■ Problem to work on:
The first line of the listing opens the range and the line with "To date, there" closes it; repeat those lines and all between them word for word, leaving out the pictures.

START Record extracts

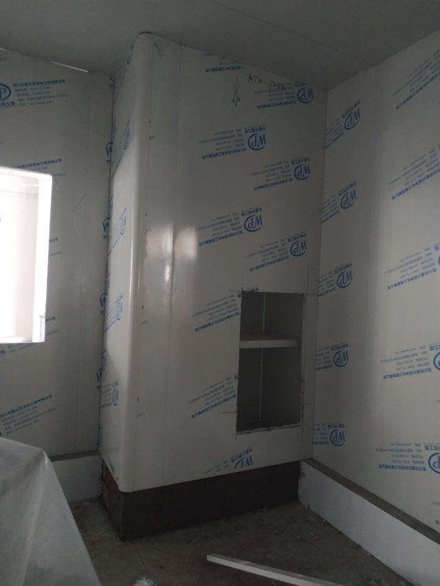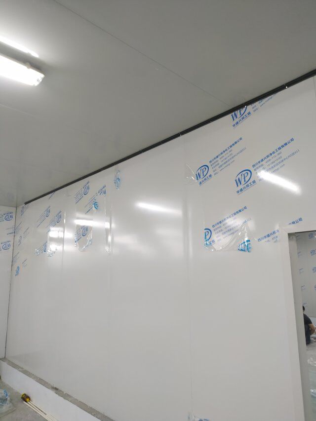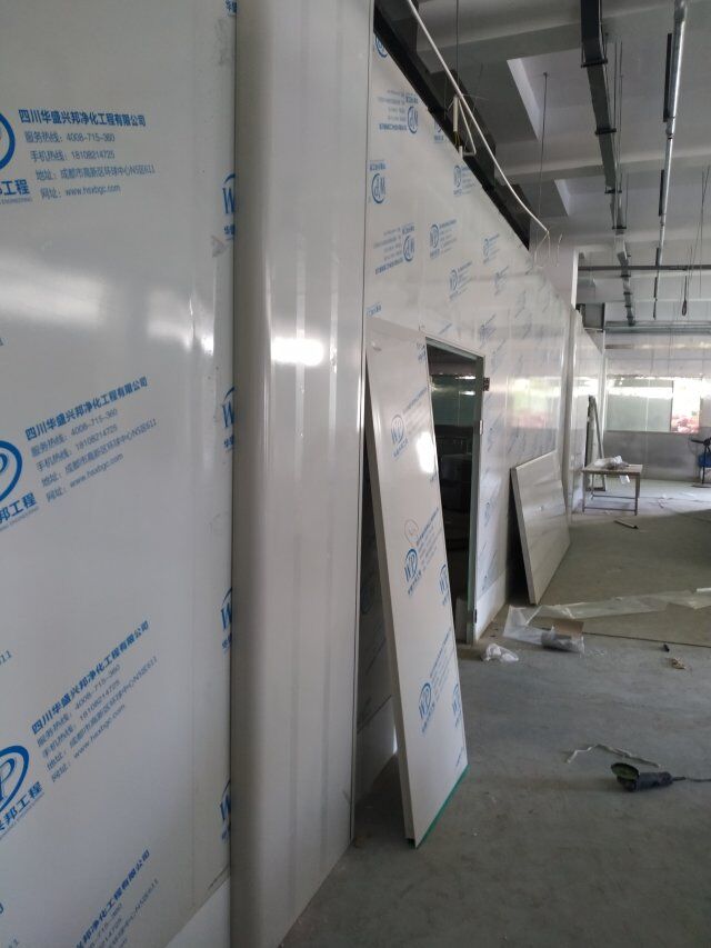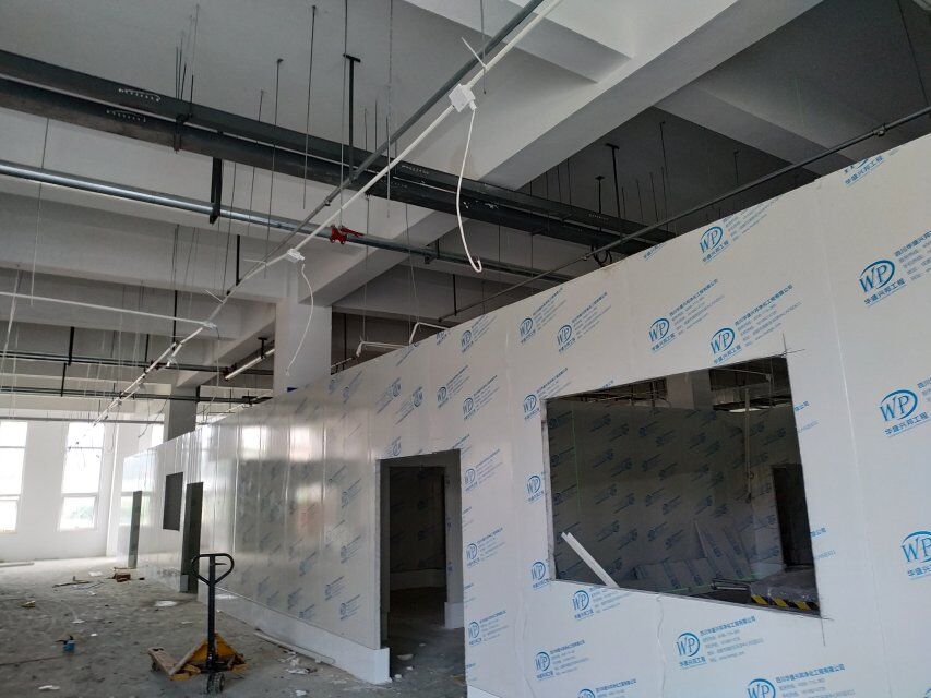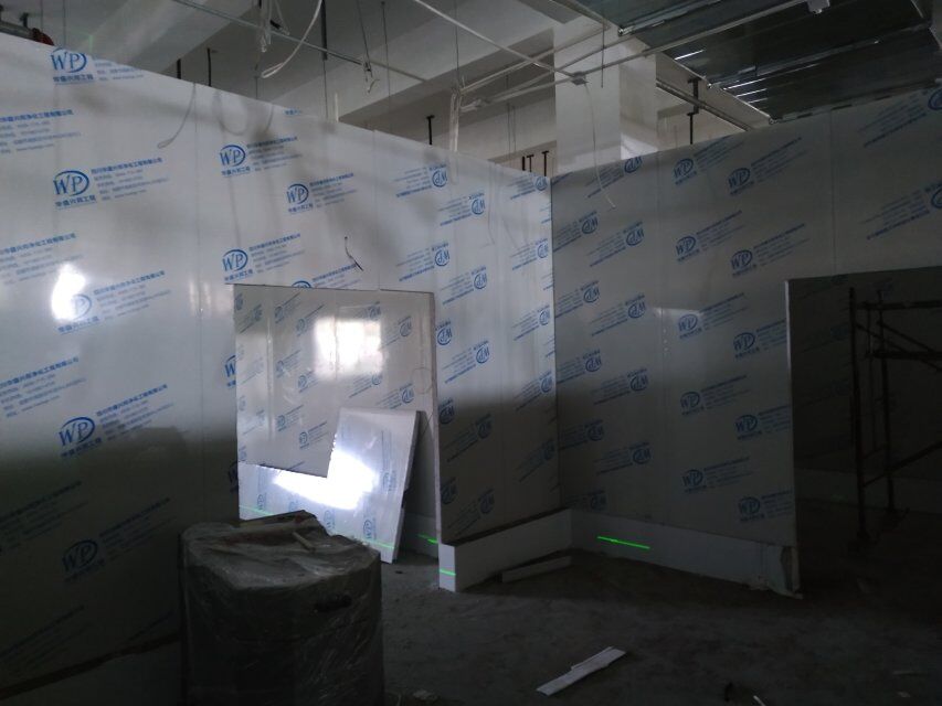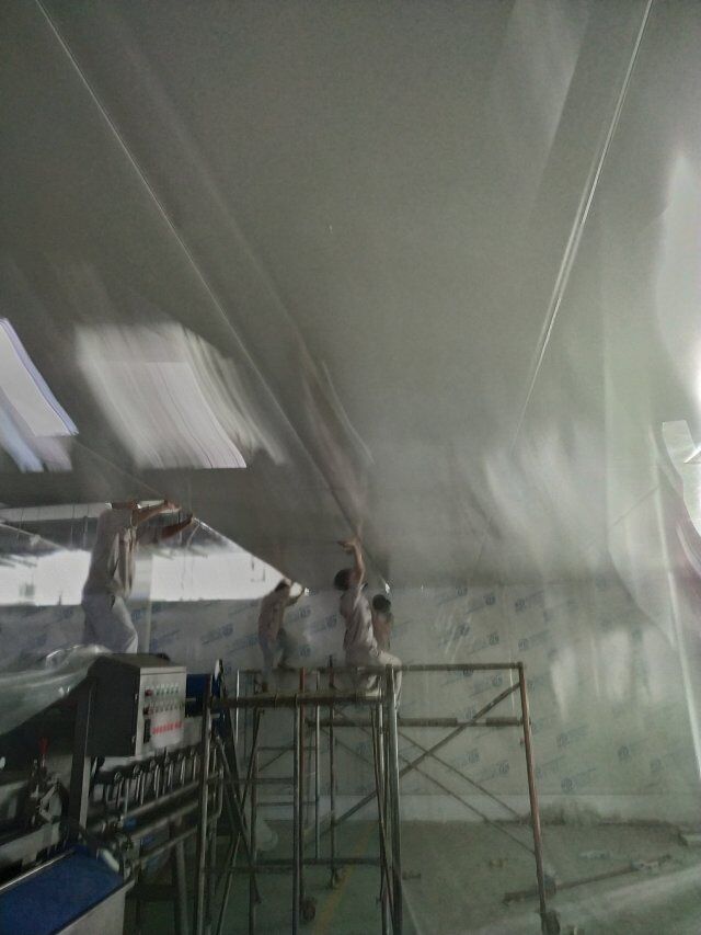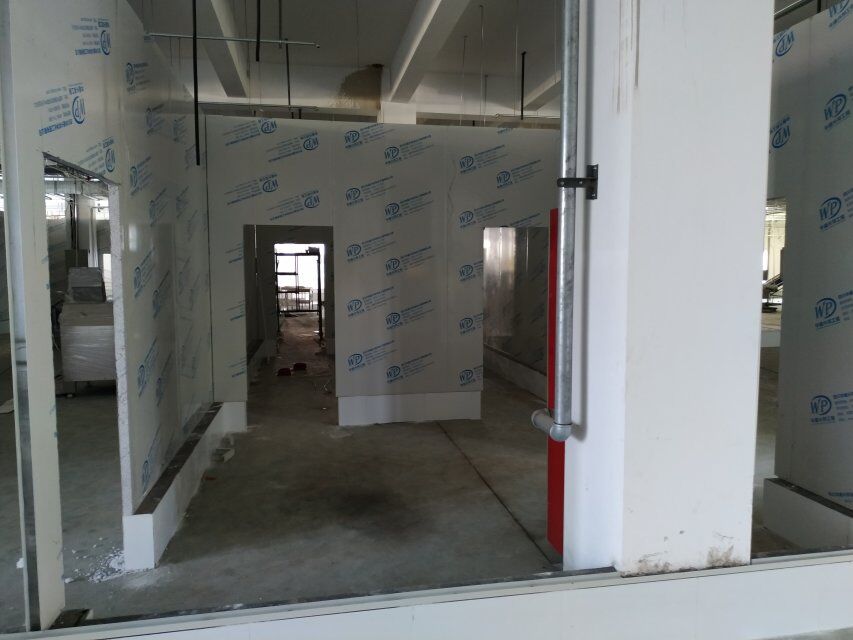 青島盛客隆食品有限公司廠房裝修現場,頂板,墻面施工
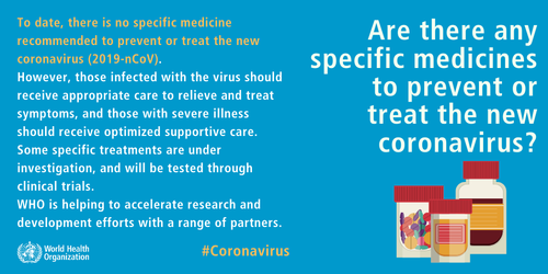 To date, there is no specific medicine recommended to prevent or treat the new coronavirus (2019-nCoV). However, those infected with the virus should receive appropriate care to relieve and treat symptoms, and those with severe illness should receive optimized supportive care. Some specific treatments are under investigation, and will be tested through clinical trials. WHO is helping to accelerate research and development efforts with a range or partners.
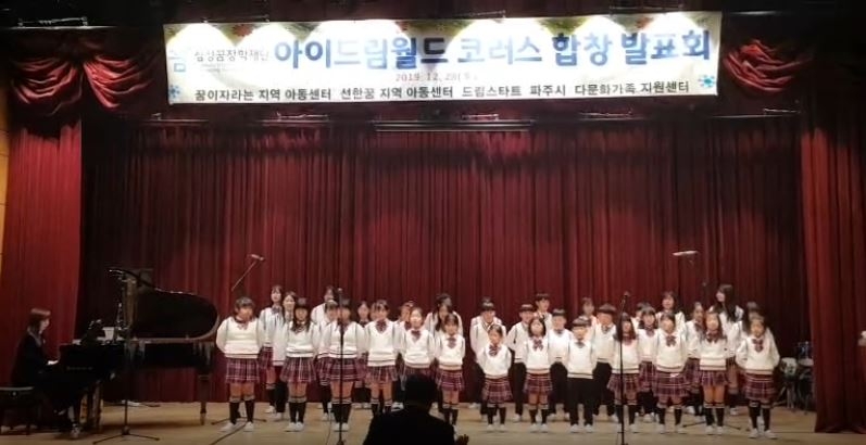 ‘아이드림월드 합창단’은 파주시 드림스타트와 꿈이자라는지역아동센터, 선한꿈지역아동센터, 파주시 건강가정·다문화가족지원센터의 아동들이 함께 만든 연합 합창단으로 삼성꿈장학재단의 ‘2019년 배움터 교육지원사업’ 공모사업에 선정돼 창단됐다. 이번 발표회는 합창단원들이 그동안 갈고 닦은 실력을 가족과 친구들 앞에서 마음껏 발휘할 수 있도록 기획됐다.
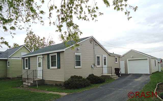 Great value on this 2 bedroom Bungalow with single detached garage with EGDO. House and garage have new roofs in 2011 and new vinyl siding. Kitchen has been updated with newer cupboards and stainless steel sink. Refrigerator and Range stay. Hard-surfaced asphalt driveway, concrete patio on rear of house. Lot goes all the way back to alley. New storage shed with concrete floor stays. Newer vinyl windows throughout the house. Full bath has built-in storage cabinets. Handicap accessible.
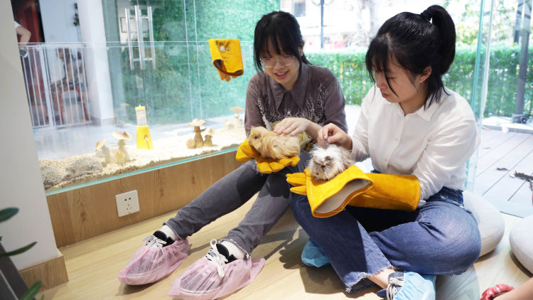 除了小动物和饲养员们,这里还聚集了许多年轻女孩儿,她们有的相互认识,轮流跟店里的小浣熊挠痒痒拍照;有的不认识彼此,却因为饲养过同样的小动物而熟络起来,相互传授养育自家"孩子"的经验。这只名为"六一"的小浣熊是这里的常驻小动物,面对市民们的热情,"六一"毫不客气地躺在小姐姐的臂弯里撒娇,引来其他市民们争相拍照。

END Record extracts

■ Solution to the problem:
 青島盛客隆食品有限公司廠房裝修現場,頂板,墻面施工
 To date, there is no specific medicine recommended to prevent or treat the new coronavirus (2019-nCoV). However, those infected with the virus should receive appropriate care to relieve and treat symptoms, and those with severe illness should receive optimized supportive care. Some specific treatments are under investigation, and will be tested through clinical trials. WHO is helping to accelerate research and development efforts with a range or partners.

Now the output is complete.